30 August 2005

faking friends and influencing people

Inside my housemates head I build a picture, slowly, over time and our small encounters, of who I am. The question of who people think you are is interesting; you have no direct control over their mind and as such cannot necessarily dictate to them exactly who you are, but you can help them out towards a certain impression.

How are their perceptions of you created? Through conversations between the two of you, between themselves and others who know you, the way in which you dress, your tastes, the contexts in which the two of you encounter one another… this is in no way a definitive list; I am not a psychologist, I do not wish to write a thesis on the subject, nor am I interested in creating any definitive/objective/empirical model of the subject. Thoughts spill and splash around my head and sometimes I grab hold of them and imprison them in words. Most of the time I do not. A million ingenious concepts could of blossomed and perished in the temple of my skull. Sometimes I lie in bed and in silence recite eminem lyrics, a neurological photocopier, waiting for sleep.
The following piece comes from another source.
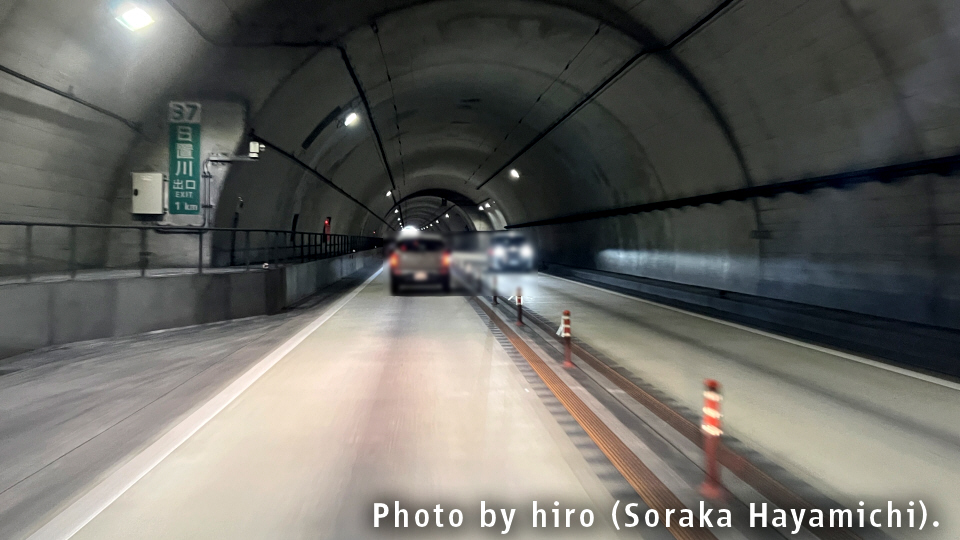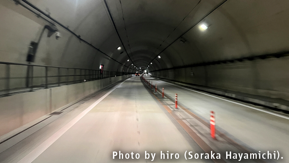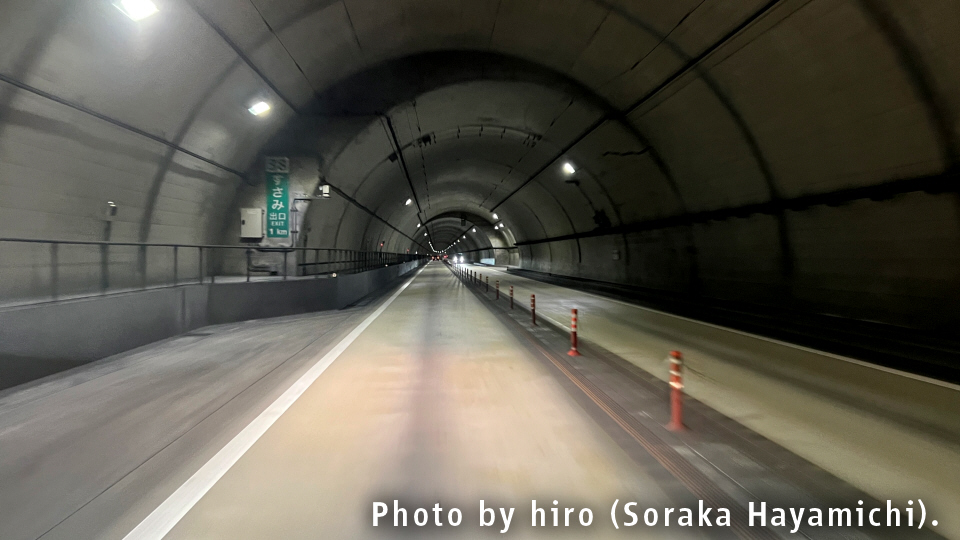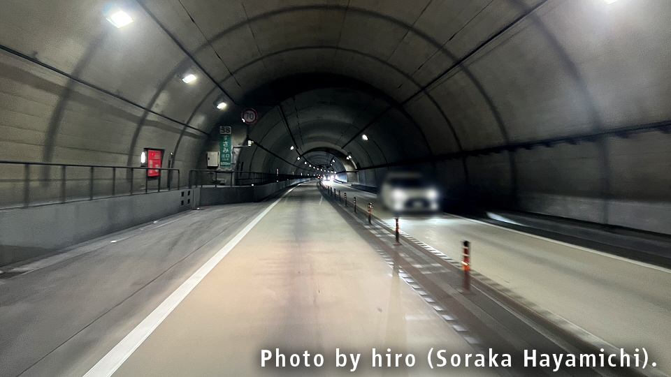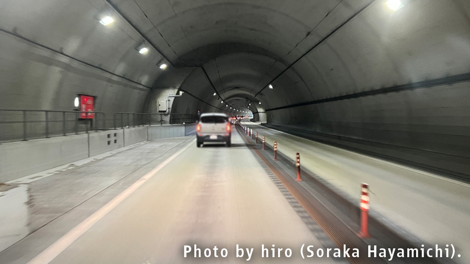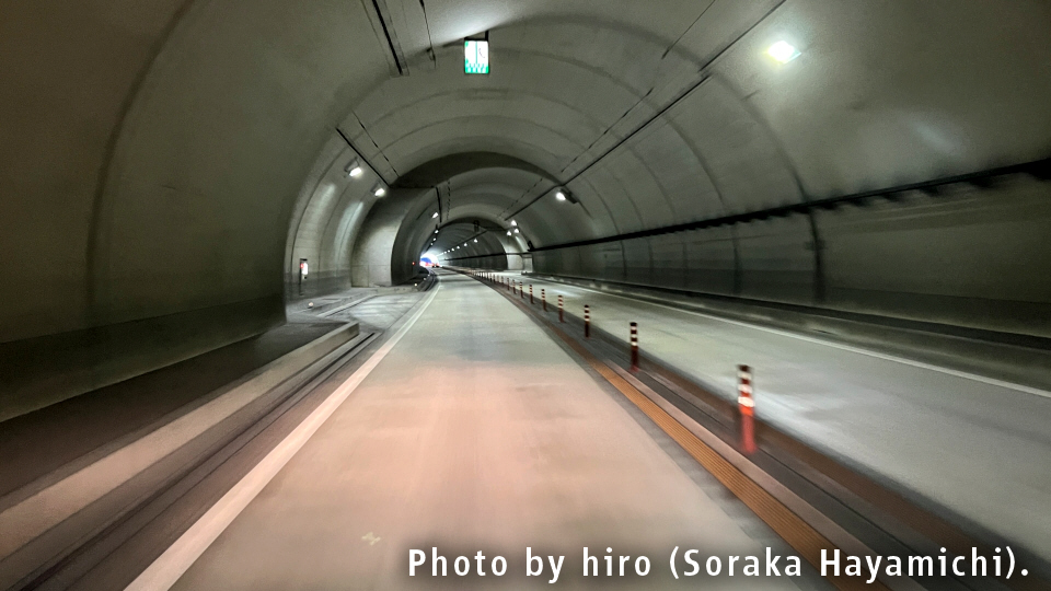 周参見第2トンネルは、出口まで終始、下り坂が続いている。速度超過とか起きやすいのでは?

The thought has come upon me for an experiment to deliberately attempt to create an image of myself ,in the mind of my housemate, that does not necessarily reflect any kind of actual reality but instead what I choose him to perceive… But I’m far too disorganised and lazy to do it. It’s the kind of thing that could lead to psychosis which, although something I wouldn’t mind experiencing, is probably not recommended at this particular point in my life.